Dia: janeiro 13, 2008
O suspeito **
Já leram Homem em queda, do Don DeLillo? Se não leram, deveriam. Não sei (e, honestamente, não quero saber) se é a melhor obra sobre a América pós-11 de setembro. Mas é uma das poucas que buscam um viés íntimo, umbilical para a tragédia. Em meio ao drama do homem engravatado que escapa da destruição das Torres Gêmeas e sai desnorteado em busca do apartamento da ex-mulher, DeLillo imagina os preparativos de um dos terroristas que se espatifaram no vôo comercial. Esse trecho do livro não dura três capítulos muito enxutos. É contraponto distante, um eco que quase não se ouve.
Filmes sobre o tema são geralmente o oposto disso. Amplos, explícitos, eles querem abraçar com as pernas todas questões políticas que estampam manchetes em jornais. Não vai aí juízo de valor, mas uma constatação desanimada: fico com a impressão de que o cinema norte-americano, com duas ou três exceções, ainda está em uma etapa inicial, primária de identificação do Dia em que a Terra Parou. Ainda tateia o acontecimento sem saber exatamente como transformá-lo em ambiente para que tramas e tipos respirem, se movimentem sem a necessidade de erguer bandeiras ou simbolizar esse ou aquele slogan.
O suspeito é mais um aluno dessa pré-escola – um filme que deixaria DeLillo entediado, em busca dos traços de humanidade que esta ficção insiste em negar aos personagens.
Até o terrorista de Homem em queda, que se sustenta sobre um fiapo de descrição psicológica, parece (ironicamente!) mais vivo que todos as peças usadas pelo sul-africano Gavin Hood para compor o painel deste filme. É um rapaz que, enquanto não coloca em prática a missão de se esfarelar em Manhattan, caminha pelas ruas de países deseconhecidos como um vulto – mas com sangue nas veias, prestes até a se apaixonar. “O nome da mulher era Leyla. Olhos bonitos e um toque atrevido. Ele disse a ela que ia se afastar por um tempo, mas que voltaria com toda certeza. Logo ela passaria a existir como uma lembrança incerta, e por fim deixaria de existir.” (e assim, elegantemente, DeLillo encerra um capítulo).

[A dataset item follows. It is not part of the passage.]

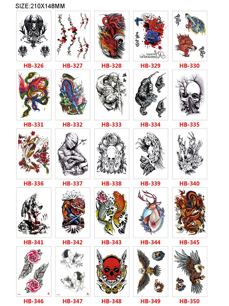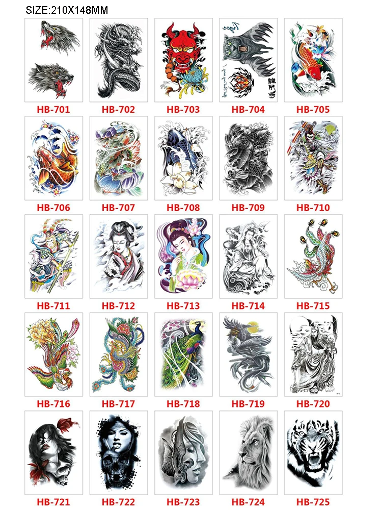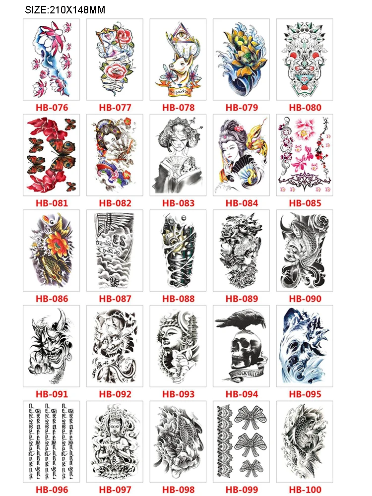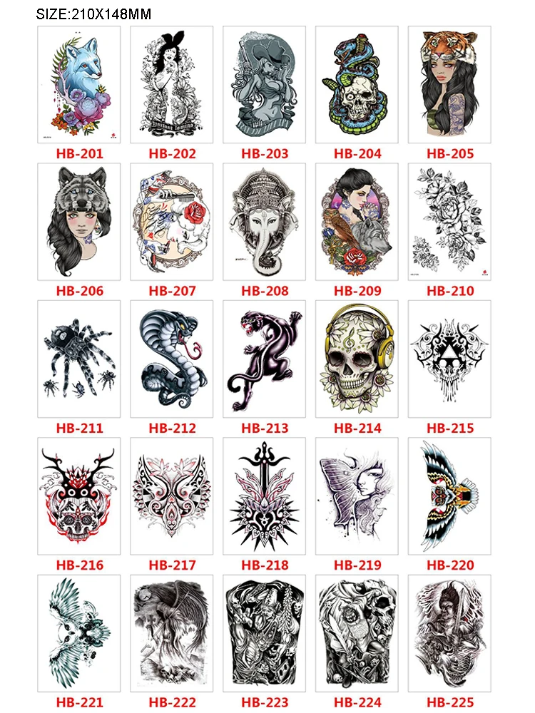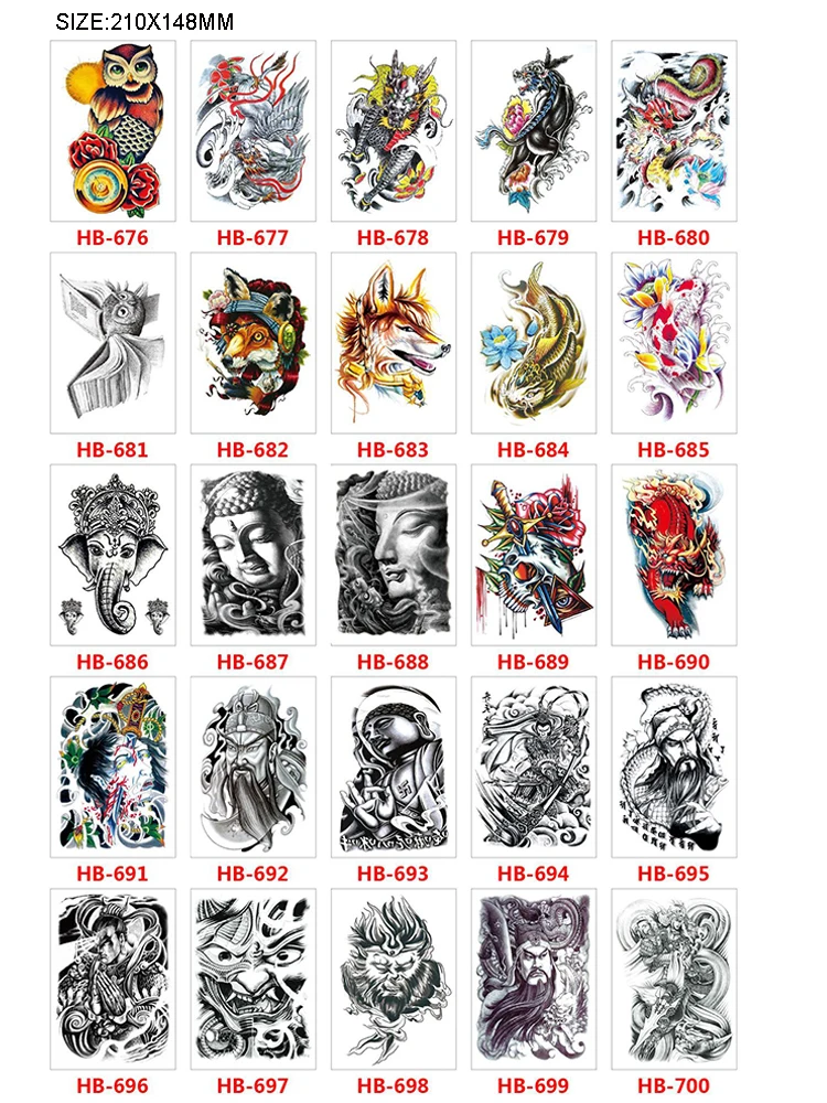 100% Новый бренд Цвет: как на картинке Тема: татуировки Размер: приложение 210*148 мм Технология: Горячее тиснение золотых, серебряных, черных, красочных татуировок; Внешний вид: Классные, блестящие и блестящие; Использование: Временные татуировки для боди-косметики и искусства; Водонепроницаемость и может храниться 7-10 дней.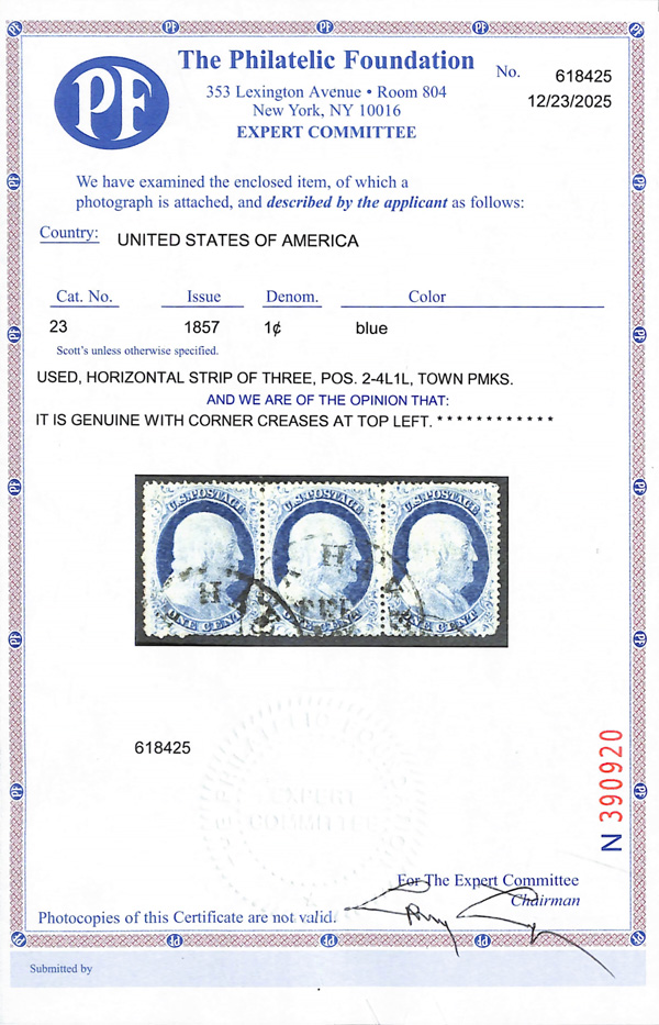 2370 O 23 image1857, 1¢ blue, type IV (Scott 23), positions 2-4L1L, horizontal strip of 3, fresh and clean with alluring color and town postmarks, each well centered; corner creases at top left, otherwise Very Fine, with 2025 P.F. certificate.

Comparar com Gavin Hood (ou com, sei lá, Oliver Stone) é covardia. Mas são projetos muito diferentes. No mundo onde DeLillo só vê incertezas, Hood encontra um tabuleiro com regras bem definidas, desprovido de qualquer mistério. Sem muito esforço, conseguimos identificar vilões (a poderosa de Meryl Streep, que autoriza a prisão de um inocente, acusado de terrorismo na África), santos (a mulher do homem torturado sob ordens do governo norte-americano) e heróis (o agente da CIA de Jake Gyllenhaal, chocado com a insensibilidade dos próprios chefes). Mas me pergunto se devo exigir profundidade de um filme que se pretende apenas ilustração de uma medida autoritária do governo dos Estados Unidos: a “rendição extraordinária”, que permite a prisão e interrogatório, em terra estrangeira, de suspeitos de terrorismo.
Os limites de Hood são muito estreitos – e já havíamos confirmado isso no simplório Infância roubada. Mas sejamos otimistas: O suspeito, de certa forma, representa um avanço para o diretor. Agora ele é capaz, por exemplo, de compor pelo menos um momento iluminado: depois de narrar com distanciamento uma cena de atentado de um homem-bomba, ele volta àquele mesmo momento nos trechos finais do filme – agora, com uma câmera mais solta, atenta aos detalhes que detonaram o surto de violência. Nesse retorno ao lugar do crime, o que vemos é uma comédia de erros: uma série de pequenos equívocos e trombadas, um espetáculo desorganizado e infantil de destruição.
Tenho certeza de que Hood não queria que eu me prendesse tanto a esse jogo de erros (tanto que, depois da cena, ele se alonga em um desfecho derramado, redundante). Mas taí o único detalhe do filme que vale por um parágrafo inteiro do livro de Don DeLillo – e acredite, é grande elogio.